▶ EXERCISE DESCRIPTION:
Could you repeat the data word for word while skipping the pictures?

Extracted data entries:
# # #

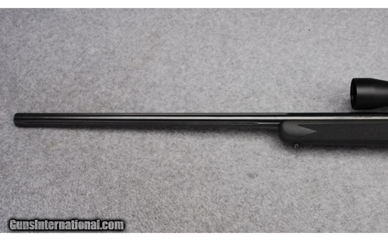 Description: This is a Thompson Center Encore in .300 Winchester Magnum with an extra .50 Caliber Blackpowder barrel. The single shot receiver has a blued finish, showing minimal signs of wear and use. Both barrelshave a blued finish, showing minimal signs of wear and use. The .300 Winchester Magnum barrel comes equipped with a Burris Fullfield II 3-9 scope, and the .50 caliber Blackpowder barrel comes with adjustable iron sights. The furniture is made from synthetic material, showing minor handling marks. SOLD Caliber Info: .300 Winchester Magnum with .50 Blackpowder Barrel Metal Condition: Excellent Bore Condition: Bright and Shiny Barrels: .300 Winchester Magnum: 28", .50 Blackpowder: 26 Triggers: Single Stock: Black synthetic thumbhole Stock Dimensions: LOP: 14 1/2 Fore End: Black synthetic Butt Pad: Rubber Weight: 9 1/4 lb Sights: .300 Winchester Magnum barrel equipped with Burris 3-9 Fullfield, .50 BP with adjustable Iron Sights Extras: .50 Caliber Blackpowder Barrel Item Location: Reno, NV |
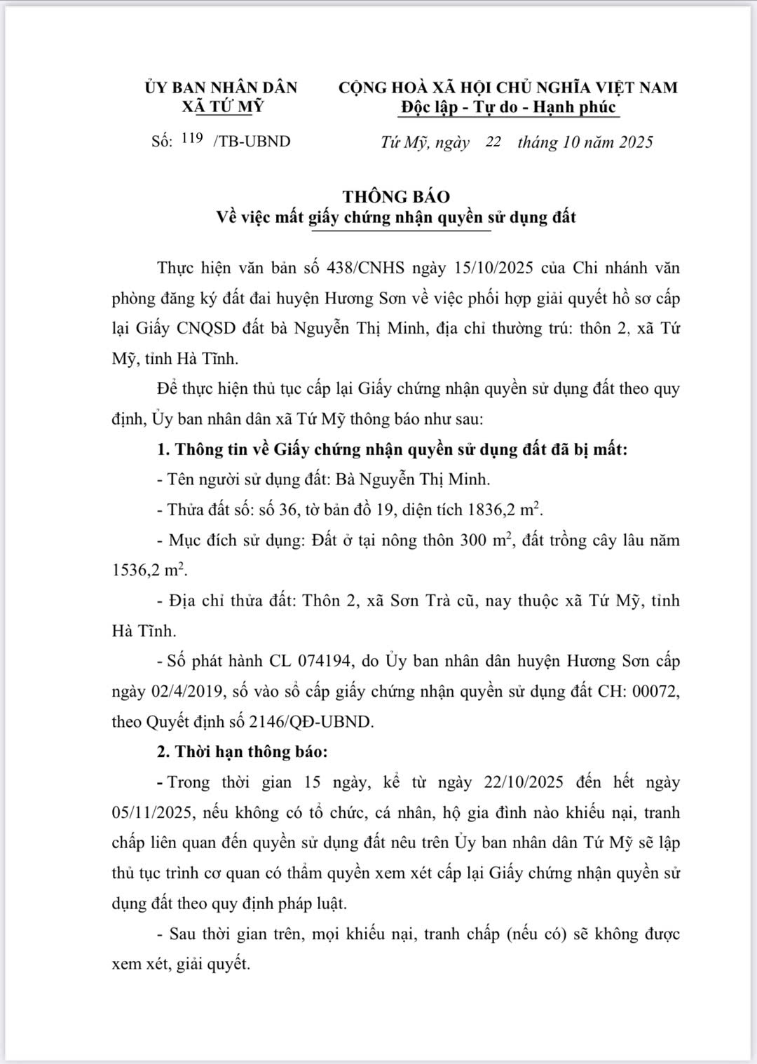 Thông báo mất giấy chứng nhận quyến sử dụng đấtTrần Văn Triều23/10/2025A -A+Trần Văn Triều23/10/2025A -A+ File đính kèmThong-bao-mat-giay-chung-nhan-quyen-su-dung-dat-ba-Nguyen-Thi-Minh_luanpbtumy-22-10-2025_14h21p52(22.10.2025_15h58p34)_signed.pdf
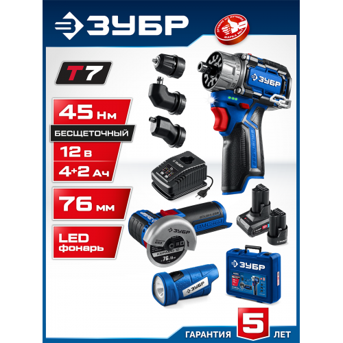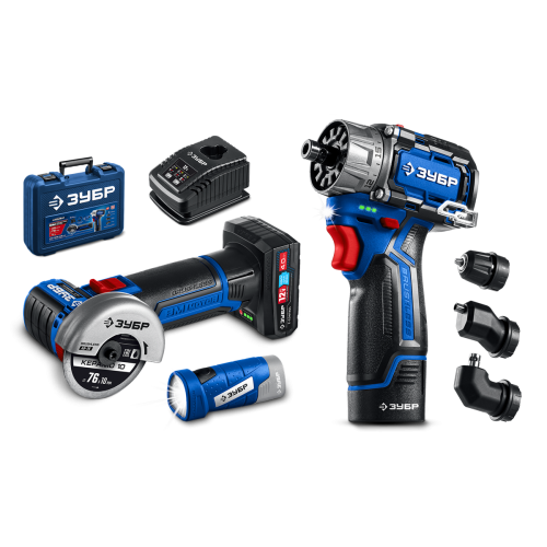 ЗУБР Набор: бесщеточная дрель-шуруповерт КОМБИ, мини УШМ, LED фонарь, 3 насадки-патрона, 2 АКБ (2 А∙ч), кейс, Профессионал (DB-125-42ABF)
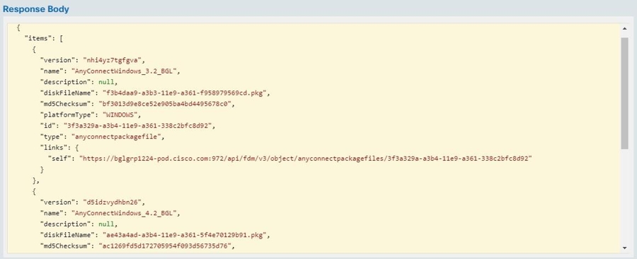 The following figure shows an example of an FDM-managed device with two versions of AnyConnect client software (AnyConnectWindows_3.2_BGL and AnyConnectWindows_4.2_BGL) for Windows OS.
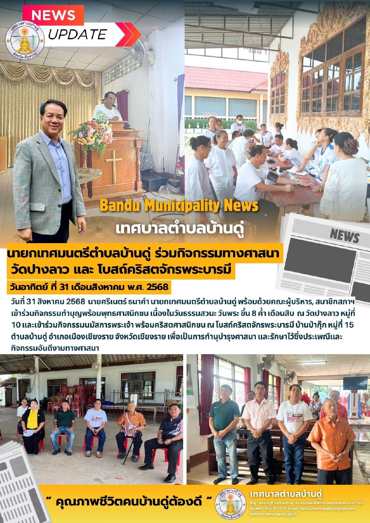 31 ส.ค. 68 นายกเทศมนตรีตำบลบ้านดู่ ร่วมกิจกรรมทางศาสนา วัดปางลาว และ โบสถ์คริสตจักรพระบารมี

# # #

▶ SOLUTION FOR THIS PROBLEM:
 Description: This is a Thompson Center Encore in .300 Winchester Magnum with an extra .50 Caliber Blackpowder barrel. The single shot receiver has a blued finish, showing minimal signs of wear and use. Both barrelshave a blued finish, showing minimal signs of wear and use. The .300 Winchester Magnum barrel comes equipped with a Burris Fullfield II 3-9 scope, and the .50 caliber Blackpowder barrel comes with adjustable iron sights. The furniture is made from synthetic material, showing minor handling marks. SOLD Caliber Info: .300 Winchester Magnum with .50 Blackpowder Barrel Metal Condition: Excellent Bore Condition: Bright and Shiny Barrels: .300 Winchester Magnum: 28", .50 Blackpowder: 26 Triggers: Single Stock: Black synthetic thumbhole Stock Dimensions: LOP: 14 1/2 Fore End: Black synthetic Butt Pad: Rubber Weight: 9 1/4 lb Sights: .300 Winchester Magnum barrel equipped with Burris 3-9 Fullfield, .50 BP with adjustable Iron Sights Extras: .50 Caliber Blackpowder Barrel Item Location: Reno, NV |
 Thông báo mất giấy chứng nhận quyến sử dụng đấtTrần Văn Triều23/10/2025A -A+Trần Văn Triều23/10/2025A -A+ File đính kèmThong-bao-mat-giay-chung-nhan-quyen-su-dung-dat-ba-Nguyen-Thi-Minh_luanpbtumy-22-10-2025_14h21p52(22.10.2025_15h58p34)_signed.pdf
 ЗУБР Набор: бесщеточная дрель-шуруповерт КОМБИ, мини УШМ, LED фонарь, 3 насадки-патрона, 2 АКБ (2 А∙ч), кейс, Профессионал (DB-125-42ABF)
 The following figure shows an example of an FDM-managed device with two versions of AnyConnect client software (AnyConnectWindows_3.2_BGL and AnyConnectWindows_4.2_BGL) for Windows OS.
 31 ส.ค. 68 นายกเทศมนตรีตำบลบ้านดู่ ร่วมกิจกรรมทางศาสนา วัดปางลาว และ โบสถ์คริสตจักรพระบารมี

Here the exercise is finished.